Every candidate returned by an index is read from disk and re-evaluated against the complete compiled query before being returned to the caller. This means:
- An index on
rolecan be used to narrow a query for{ role: "admin", age: { $gt: 30 } }, but theage > 30condition is still checked on every document read. - A document missing the indexed field is simply not in the index and will not appear as a candidate; it is not a false positive.
- Composite conditions, nested predicates, and operators the index does not understand are all handled correctly by the residual evaluation.
This keeps index implementations simple: they only need to produce a conservative superset of matching documents, never an exact set.
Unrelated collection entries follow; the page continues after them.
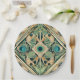 Art deco geometric seamless vector pattern. Gold and green peacock abstract feathers texture.
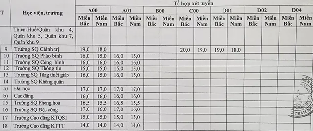 Điểm sàn xét tuyển vào 17 trường Quân đội từ 15 đến 24
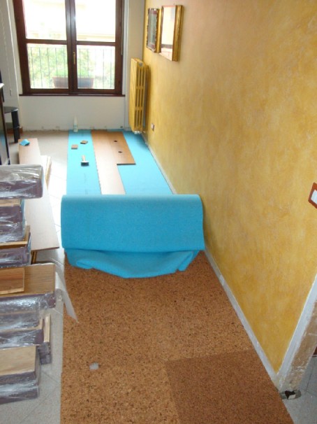 Abbiamo deciso in particolare di posare un parquet flottante in tutta la casa, ricoprendo gli originali pavimenti in ceramica e il parquet già presente nelle camere da letto. Avendo alle spalle ben 5 anni di chiusura del negozio sottostante, con leggero aumento delle spese di riscaldamento, ho deciso inoltre di effettuare la posa del parquet in autonomia e, contro tutti i pareri degli specialisti del settore, ponendo sotto il parquet oltre il solito tappetino pannelli di sughero di spessore pari a 1cm per ottenere un ulteriore isolamento termico.
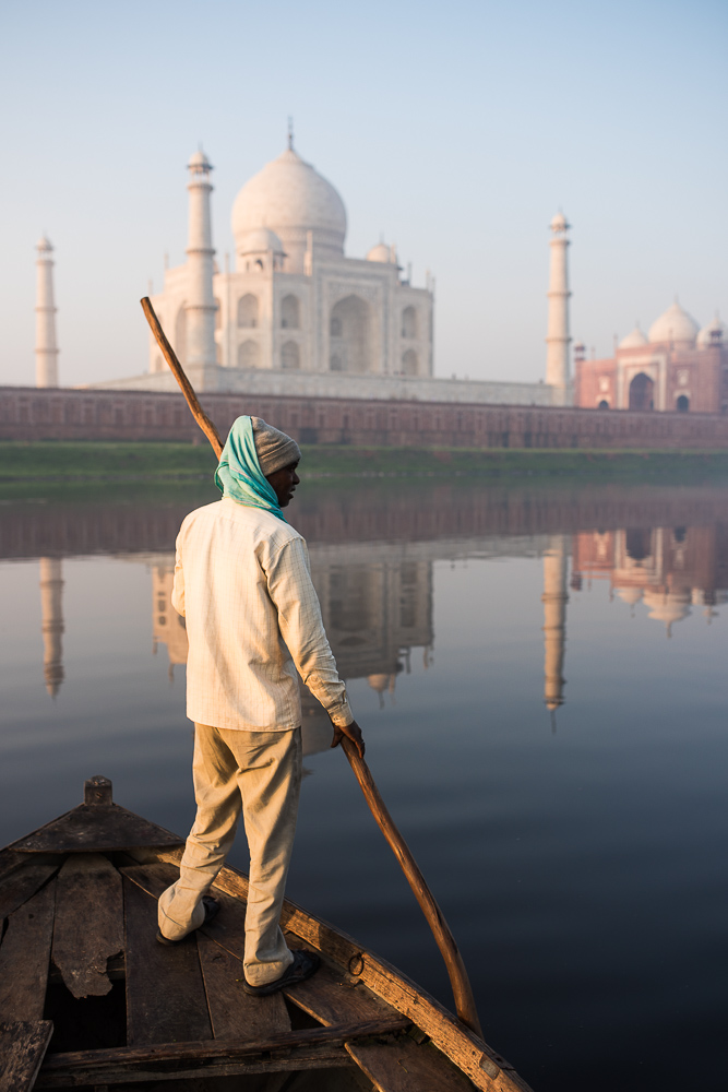 Dawn on the Taj Mahal from Yamuna River, Agra, Uttar Pradesh, India
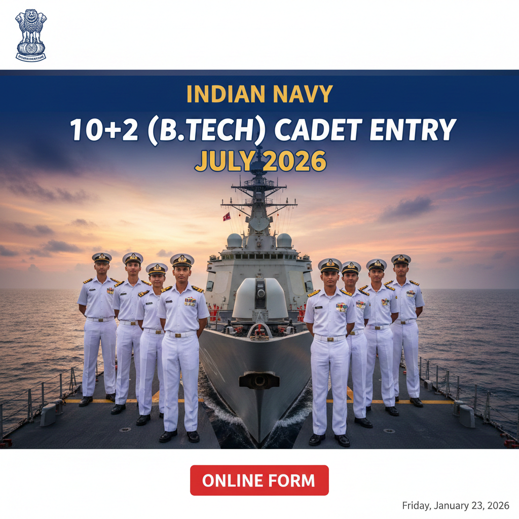 Indian Navy ने 10+2 (B.Tech) Cadet Entry Scheme July 2026 के लिए Unmarried Male & Female Candidates से Online Application आमंत्रित की है। इच्छुक उम्मीदवार नीचे दिए गए विवरण को ध्यान से पढ़कर Online Apply कर सकते हैं।
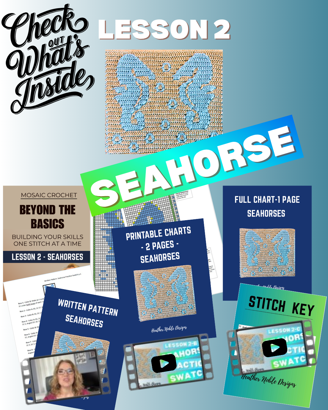 I founded Heather Noble Designs in 2021 to combine my two lifelong passions: teaching and mosaic crochet.
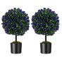 Set of 2 Artificial Purple Rose Topiary Ball Trees 55cm Faux Boxwood Ball Tree-Purple
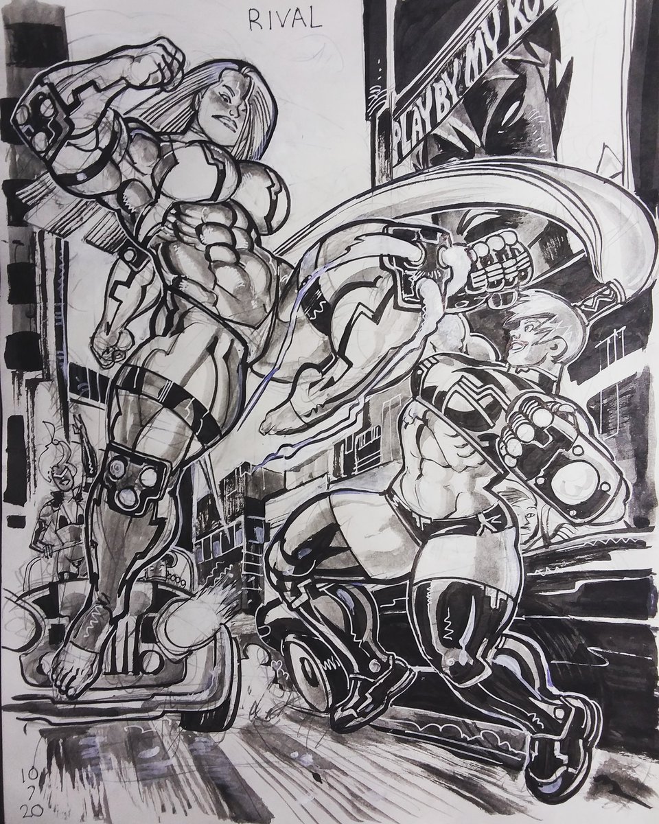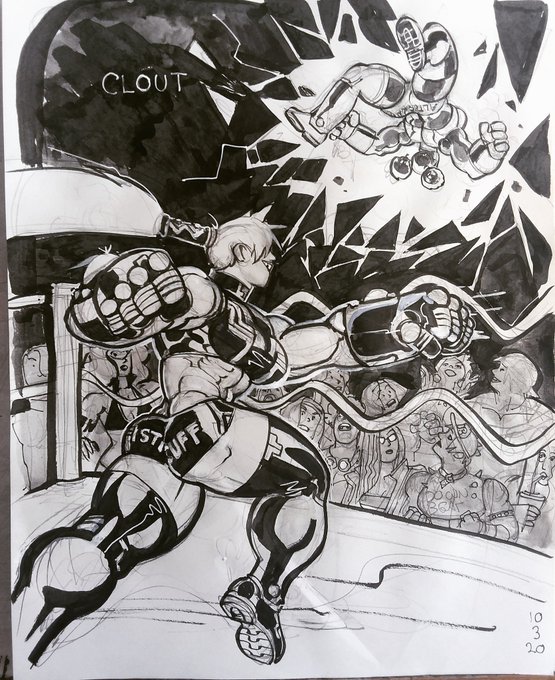 Vicious Day 18 part 1. Swagger is unprepared for the savagery of Turnabout's single doubleteam! #artwork #inktober #fisticuff #swagger #turnabout
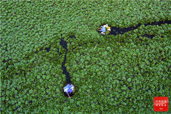 杭州市余杭区仁和街道的水塘里,菱农们正忙着采摘新鲜的菱角,满池翠绿的果实诉说着丰收的喜悦。(杭州市余杭区纪委监委供 陈连孝 摄)
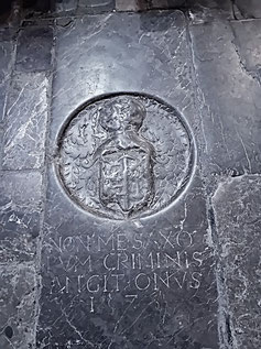 Im Mittelgang des Schiffs kann man eine Grabplatte mit einer interessanten Inschrift entdecken:
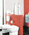 半高的隔墙是现代卫浴空间划分与功能附着的一个典范
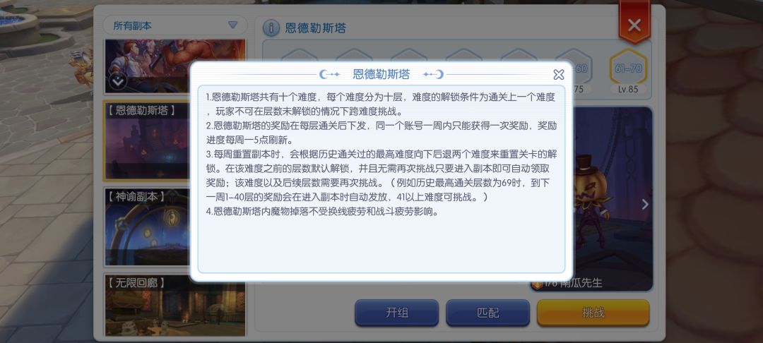 还有一点就是“电梯”依旧是在的,萌新玩家可能不知道什么是电梯,大家觉得第一周爬塔有很多小怪很恶心吧,“电梯”就是当队长上一周爬过这个层数的塔,那么他开的副本,进入是没有每层的小怪的,只有mini和mvp层的怪
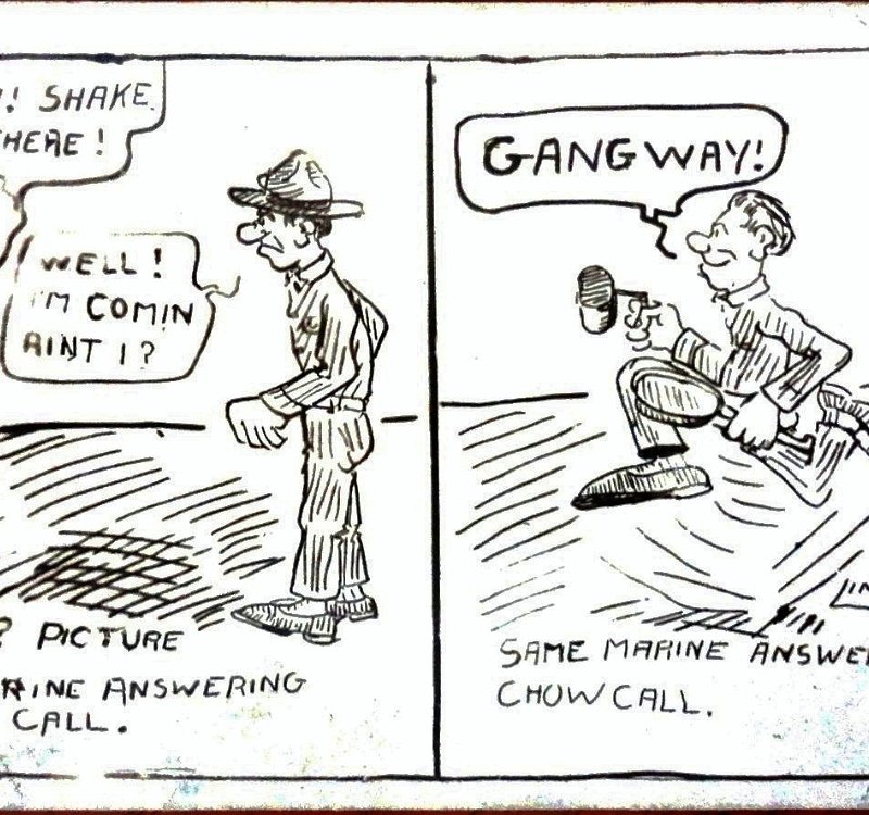 Black and white post card with scenes from the USA Marine Corps occupation of San Domingo in 1916-24. Dimension is 3.5 by 5.5 inches.
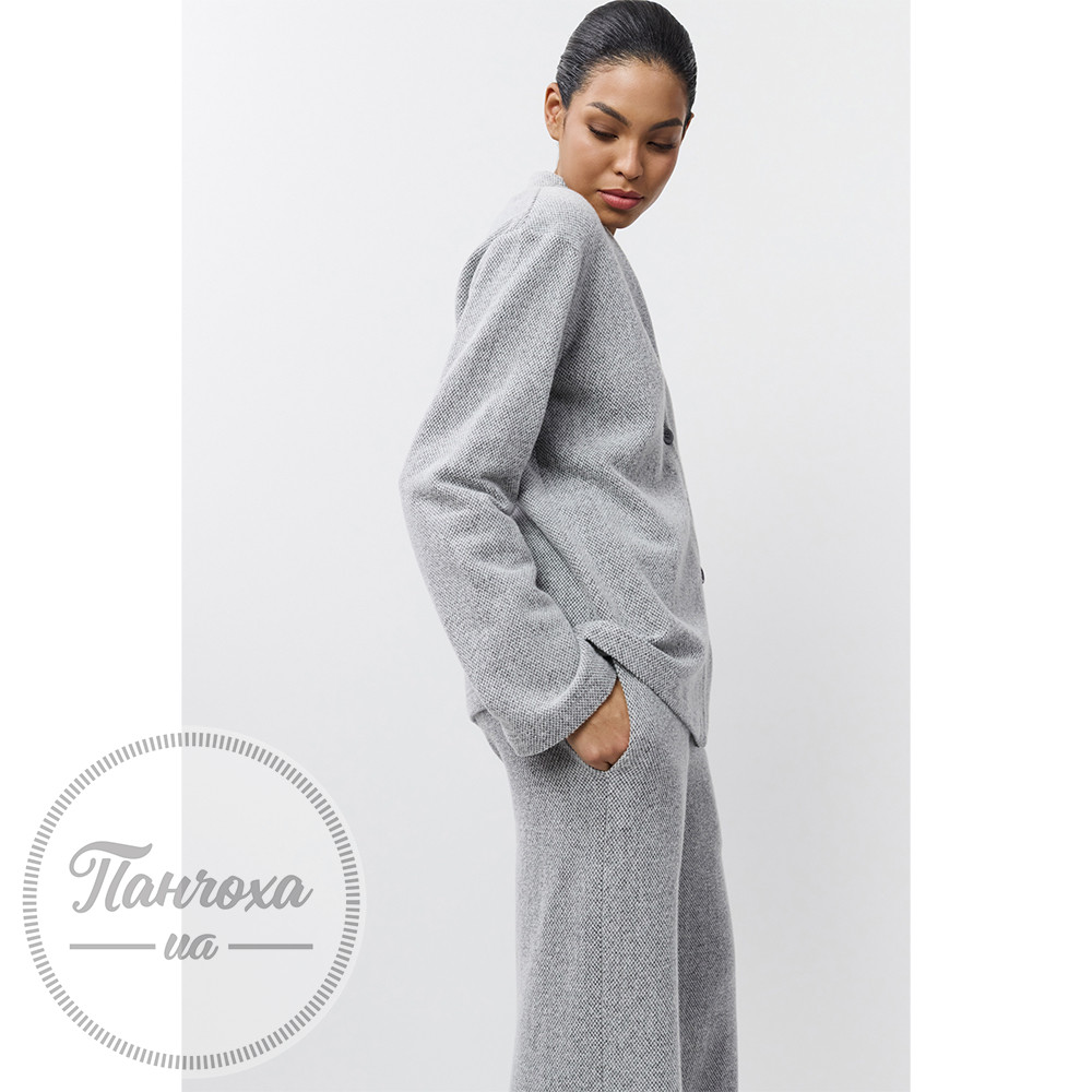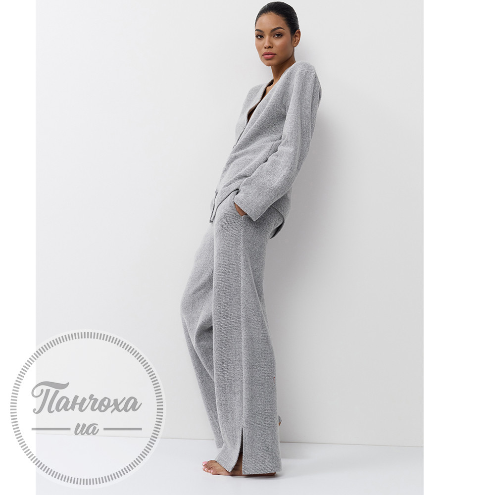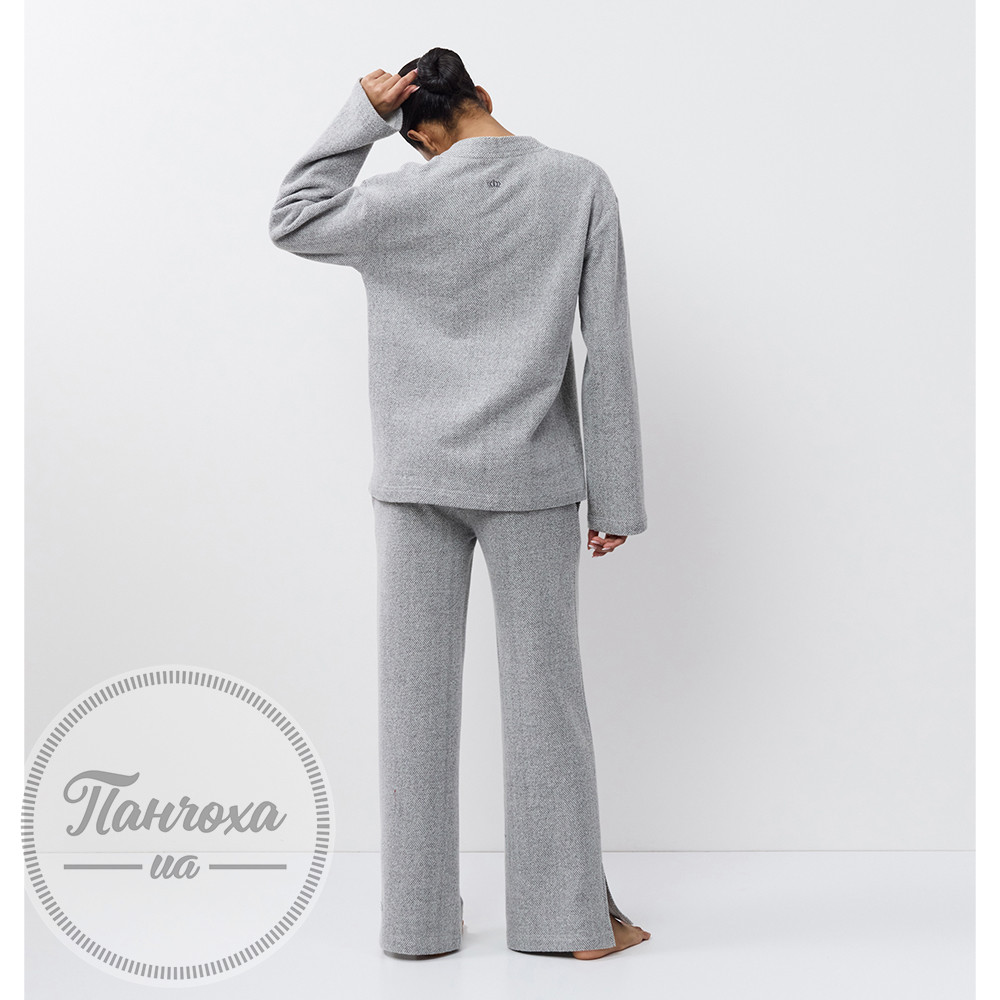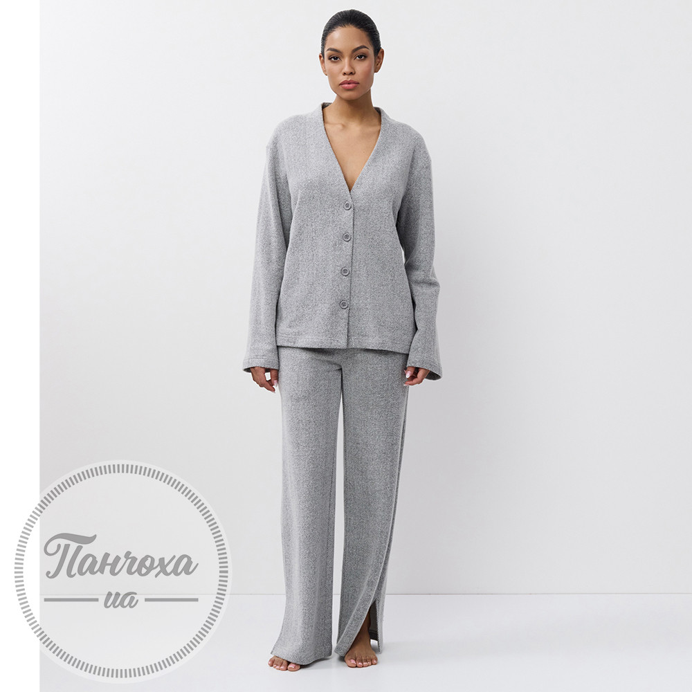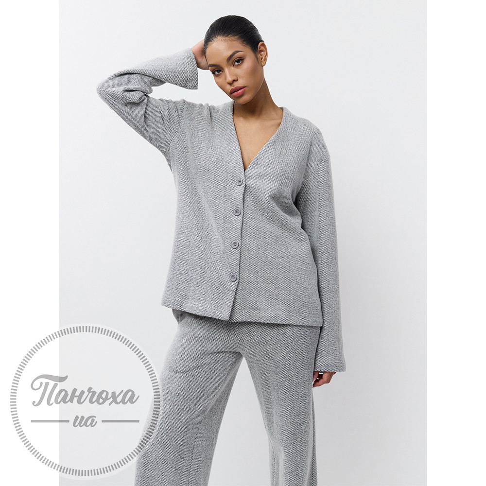 Елегантний комплект для дому з текстурою “під в’язання”. Виготовлений із м’якої та еластичної бавовняної тканини з текстурою “під в’язання”. Верх із V-подібним вирізом та застібкою на гудзики. Рукави повної довжини вільного крою.
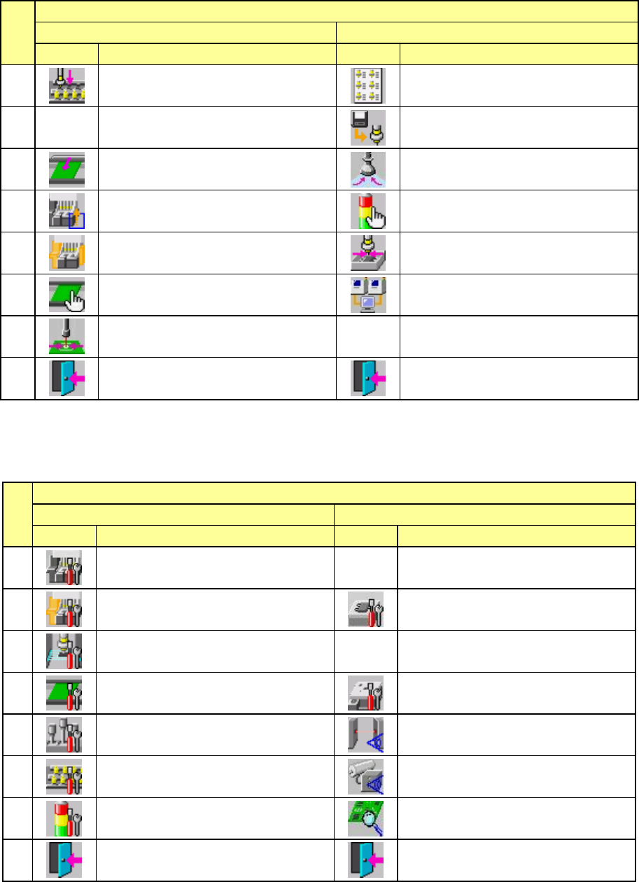第 1 部 基本篇 第 1 章 装置概要 1- 65 ( 3 )机器设 置 ( 4 )手动控 制 No. 页 1/2 2/2 图标 名称 图标 名称 1 AT C 吸嘴分配 注册吸嘴一览 2 读取吸嘴数据 3 外形基准位置 无吸嘴时真空值 4 Head 等待位置 信号灯 5 使用单元 废弃元件位置 6 传送设置 在线连接 设置在线连接 7 坏板标记传感器示教 进行坏板标记传感器 示教 8 退出 返回桌面 退出 返回桌面 No. 页 1/…

Secondary Index Persistence
Secondary index definitions (field name and type) are persisted in the log
via idx1 records. Secondary index contents (the actual value-to-document
mappings) are not persisted. They are rebuilt from the put1 records in the log
at every open.
Consequence: startup time grows with the number of live documents when secondary
indexes exist. For a collection with N documents and K secondary indexes, startup
requires N document reads from disk (one per put1) plus N × K index insertions
in memory.
Persisted index snapshots that eliminate the rebuild cost are planned for V2.
Index Lifecycle
Creation
collection.createIndex(field, { type }) writes an idx1 record and then
immediately rebuilds the new index contents from the current primary index.
Creating an index on a collection with many existing documents is therefore an
O(N) disk read operation at call time.
If createIndex is called again for the same field and type, no new idx1
record is written; the existing in-memory index is returned.
If createIndex is called for the same field with a different type, it throws.
Removal
collection.dropIndex(field) writes a dix1 record and removes the index from
the in-memory index manager. The index contents are discarded. Queries that
previously used the index fall back to a full scan.
Compaction
During compaction, a idx1 record is kept only if the corresponding index still
exists in memory (i.e. it was not subsequently dropped). A dix1 record is
always discarded because its effect has already been applied during replay.
After the file is truncated, all secondary indexes are cleared and repopulated
from the updated primary index. See compact.md.